*Exercise prompt*: Taking the line with "Edirne’nin Uzunköprü ilçesinde" as the first and the line with "This image shows" as the last, set down the lines below exactly, pictures excluded.

*Records for this task*:
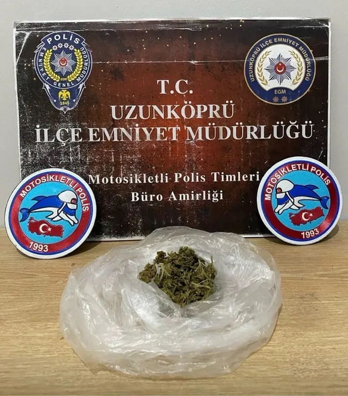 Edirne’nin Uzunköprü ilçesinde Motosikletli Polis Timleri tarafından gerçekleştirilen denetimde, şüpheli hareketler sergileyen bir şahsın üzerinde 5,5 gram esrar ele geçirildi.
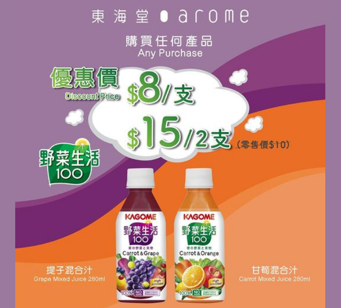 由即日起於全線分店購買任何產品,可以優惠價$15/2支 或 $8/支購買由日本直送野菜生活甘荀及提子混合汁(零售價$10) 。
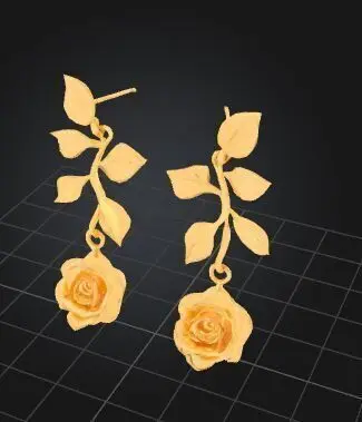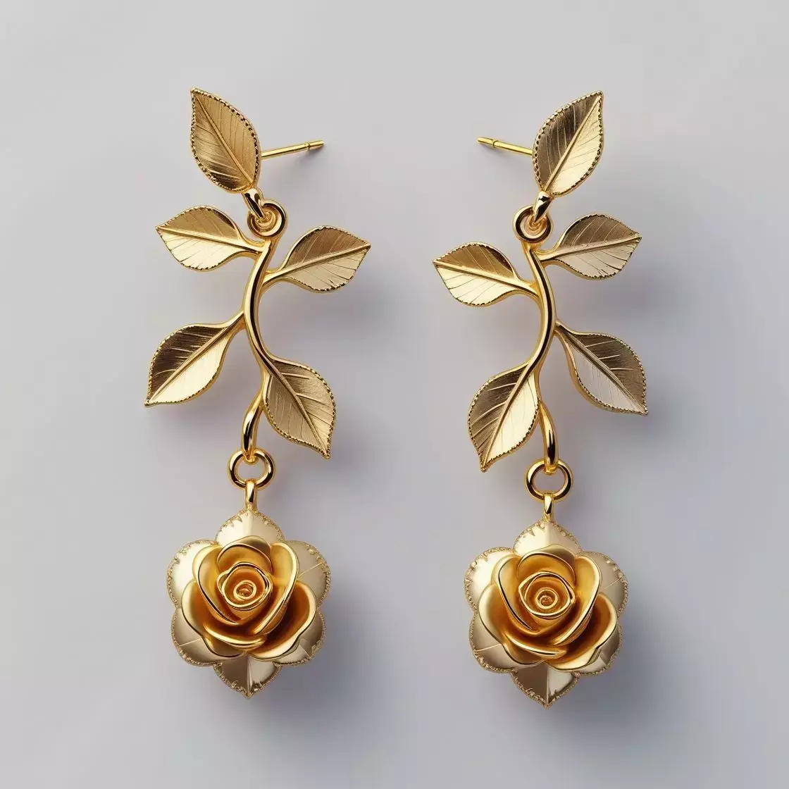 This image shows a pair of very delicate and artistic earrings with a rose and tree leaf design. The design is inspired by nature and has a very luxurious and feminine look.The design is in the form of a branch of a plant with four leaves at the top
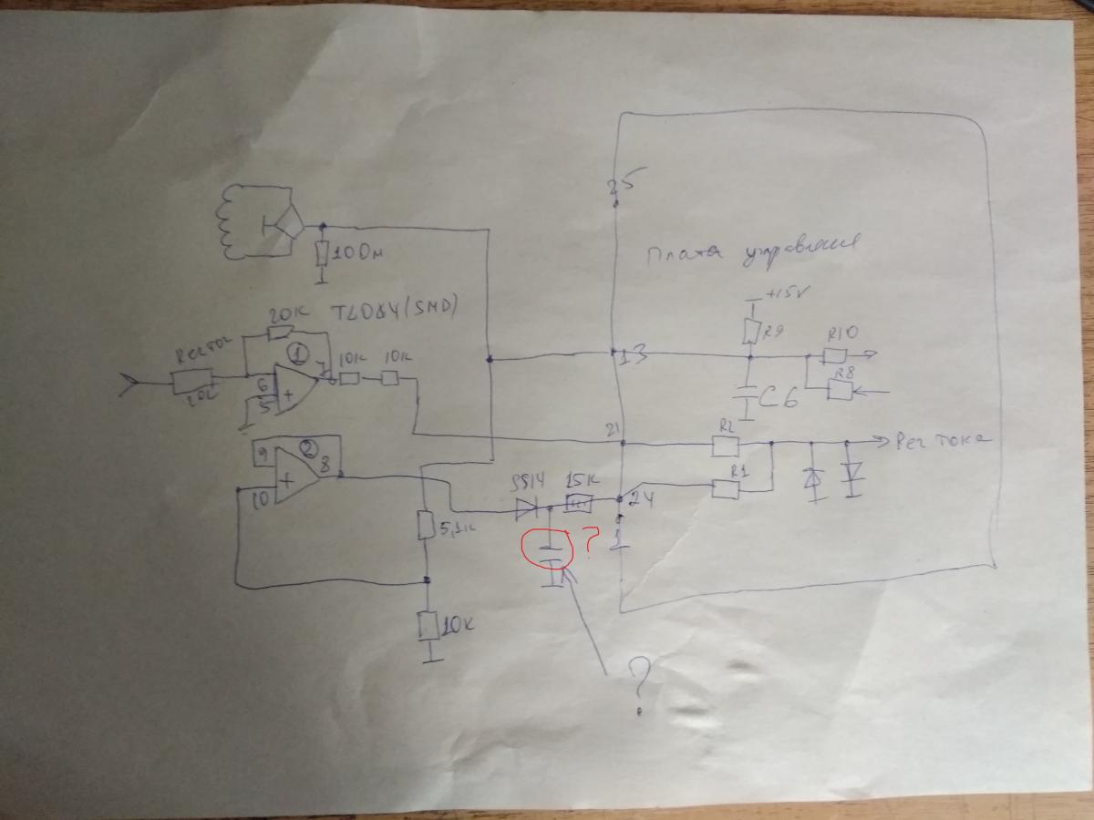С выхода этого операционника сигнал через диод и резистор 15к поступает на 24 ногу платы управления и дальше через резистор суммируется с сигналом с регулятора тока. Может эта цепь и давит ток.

---

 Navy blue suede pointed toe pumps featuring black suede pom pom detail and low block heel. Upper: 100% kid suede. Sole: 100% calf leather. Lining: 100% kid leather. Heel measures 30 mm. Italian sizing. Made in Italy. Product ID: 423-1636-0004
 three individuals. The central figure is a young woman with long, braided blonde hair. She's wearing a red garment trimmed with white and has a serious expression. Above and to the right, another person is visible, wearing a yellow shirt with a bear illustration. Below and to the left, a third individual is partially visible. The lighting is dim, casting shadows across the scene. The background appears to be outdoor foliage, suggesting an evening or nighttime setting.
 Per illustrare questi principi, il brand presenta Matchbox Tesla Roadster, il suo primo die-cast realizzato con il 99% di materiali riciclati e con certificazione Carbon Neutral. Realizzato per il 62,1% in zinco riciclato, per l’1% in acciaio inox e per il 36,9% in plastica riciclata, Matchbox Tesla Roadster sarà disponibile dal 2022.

*Solution to the exercise*:
 Edirne’nin Uzunköprü ilçesinde Motosikletli Polis Timleri tarafından gerçekleştirilen denetimde, şüpheli hareketler sergileyen bir şahsın üzerinde 5,5 gram esrar ele geçirildi.
 由即日起於全線分店購買任何產品,可以優惠價$15/2支 或 $8/支購買由日本直送野菜生活甘荀及提子混合汁(零售價$10) 。
 This image shows a pair of very delicate and artistic earrings with a rose and tree leaf design. The design is inspired by nature and has a very luxurious and feminine look.The design is in the form of a branch of a plant with four leaves at the top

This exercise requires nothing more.